The Economic and Fiscal Effects of Eliminating the Federal Death Tax
September 25, 2014
The federal estate tax is a tax on a person's lifetime accumulated property. Despite the fact it raises a small amount of revenue for the government, it imposes great costs on the American economy in terms of lost jobs and reduced growth rates, according to the Heritage Foundation.
- In 2014, the death tax applies a 40 percent tax to all accumulated wealth above $5.34 million.
- Eliminating the death tax could boost U.S. economic growth by more than $46 billion over the next 10 years.
- Furthermore, it could create 18,000 private sector jobs annually.

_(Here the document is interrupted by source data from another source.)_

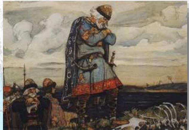
Riúrik, fundador de la dinastía rúrika.

liderada por Subotai , uno de los generales de Gengis Khan , en el siglo XIII . Recibe su nombre de la dinastía rúrika , fundada por el varego Riúrik en 862 . Debido a las incursiones de los jázaros, posteriormente el príncipe Oleg trasladó la capital a Kiev.
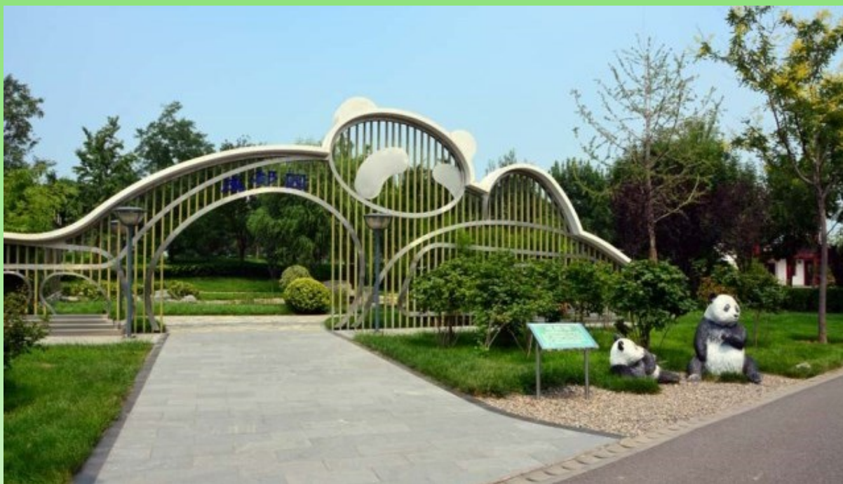
Рис. 22. Сад в стиле Hi Tech. Парк, посвящённый пандам.

Fig. 22. Hi Tech style gardens. A park dedicated to the pandas.
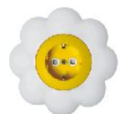
Dvopolna priključna nica sa zaštitnim elementom Cvet (žuto / beli) IEC 60884-1, CEE7 16A/250V; IP 20

Broj artikla: 16.32.052 (jezgro od polikarbonata)
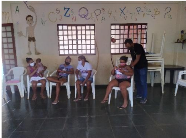
Legenda: Alfabetização Digital
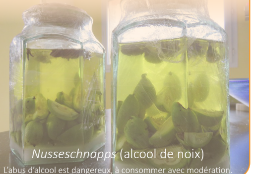
Nusseschnapps (alcool de noix)

Pour plus d'informations, contactez Cécile Freysz Par téléphone/SMS au 06 38 02 77 66 ou par mail à cecile.freysz@gmail.com
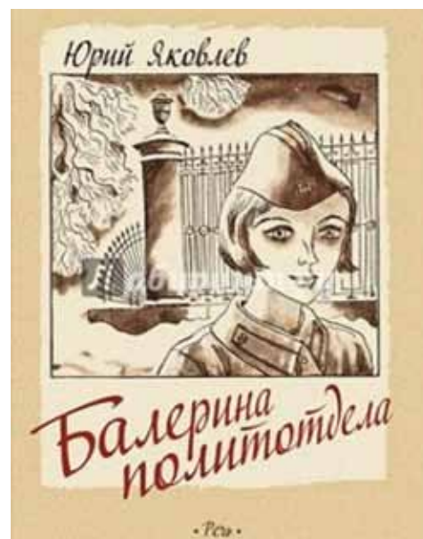
«Балерина политотдела», 1977, автор Юрий Яковлев (12+)

Лена, уже размышлявшая о том, что она проведет сегодня время с родителями, узнает, что началась война. «Что такое война?» –
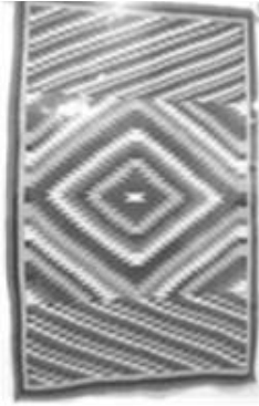
Fig.5 過渡期のアイダズラーで、ジャーマンタウン糸使用(ナバホ・ネイション博物館所蔵)

具などの実用的な織物から、次のラグへと変化する途上の過渡期と位置付ける (Wheat et al. 1977:37; 小谷 et al. 1985:15, 16, 74)。
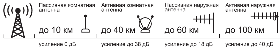
СХЕМА ДАЛЬНОСТИ РАБОТЫ АНТЕННЫ

- Moreover, the tax will only account for about 0.5 percent of federal revenue between 2015 and 2024.
The death tax has its biggest effect on family-owned businesses. The reason is that many owners of family businesses have their assets tied up in the business, rather than having them liquid. When an owner dies, their heirs are forced to liquidate 40 percent of the business' value to pay the tax, often spelling out closure of the business altogether.

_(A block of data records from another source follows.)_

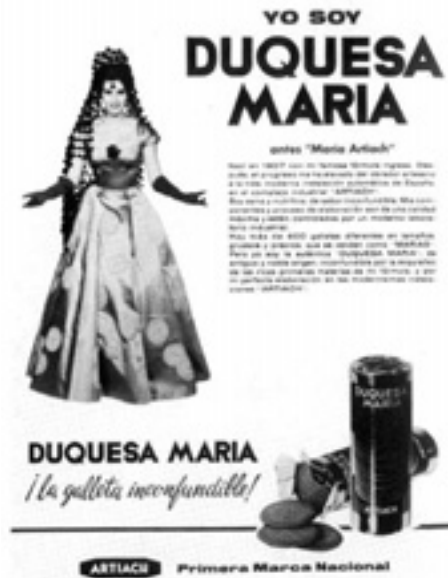
604. Anuncio de prensa. 1959.

Tanto en los rótulos como en el anuncio impreso se mantiene la rotunda tipografía geométrica.
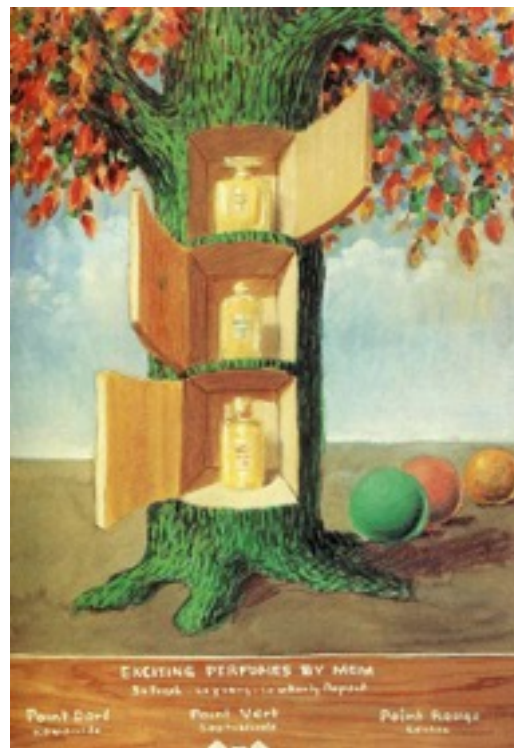
Ilustración 16. René Magritte, Exciting perfumes by Mem, 1946.

Visualmente los elementos no tienen ningún punto en común. Esto conlleva a apreciar lo extraño que parecen los nichos “mágicos” como los nombró Magritte. Dichos elementos han sido extraídos de su contexto y se han posicionado en otro dónde se muestran solitarios o simplemente relacionados sin una unión habitual. A este proceso, René Magritte lo llamó efecto poético turbador (Pompidou, G., 1990).
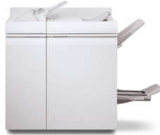
Solution de finition multifonction Pro Plus
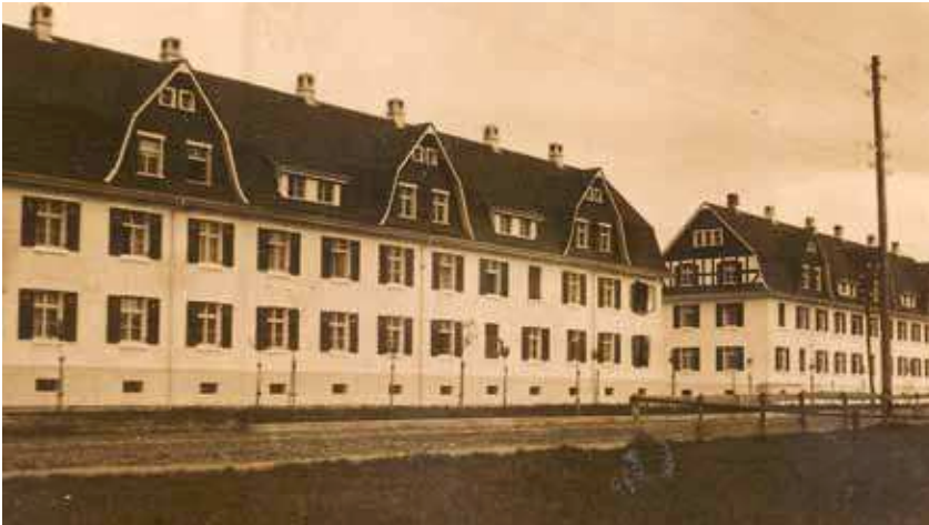
Jenny Wohnhäuser an der Landstraße, um 1911

bruchs in den letzten Vorkriegsjahren des Ersten Weltkrieges (1914-18) wanderten viele von ihnen in die prosperierende Kammgarnspinnerei ab oder kehrten in ihre Heimat zurück. Der Zuwachs von 25 Prozent der Harder Bevölkerung ging zwischen 1900 und 1910 vorwiegend auf das Konto der Kammgarn.

Proponents of the tax argue that it targets that ultra-wealthy which helps reduce income inequality. However, according to one recent study by the Joint Economic Committee, only 2 percent of income inequality can be explained by inherited wealth.

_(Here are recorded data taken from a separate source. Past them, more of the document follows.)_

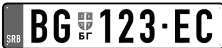
Цртеж бр. 2
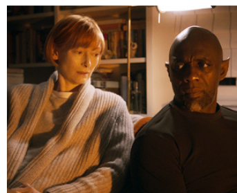
2022 3000 ANS À T'ATTENDRE (3000 Years of Longing) de George Miller avec Idris Elba
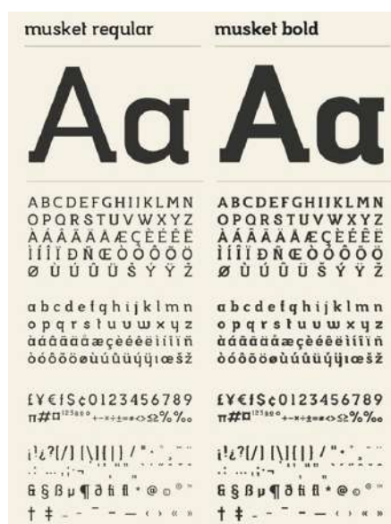
Gambar 3. Font Musket

Font yang akan digunakan untuk isi buku ini adalah Barlow. Font ini merupakan font bergaya sans serif , dipilih karena karakteristiknya yang tidak lebar, sehingga terlihat bersih dan nyaman dibaca.
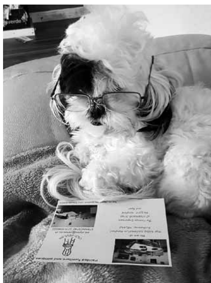
Šis no Velsas dzimis Jelgavā.
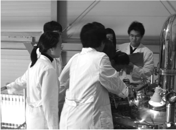
표 5. 연간 수익

Furthermore, the death tax encourages people to consume more and invest less because there is less of an incentive to save if the government can end up confiscating 40 percent of assets. Investments and savings create a vibrant and dynamic economy.
Considering the effect that the tax has on the overall U.S. economy and marginal revenues it provides for the government, it should be abolished altogether.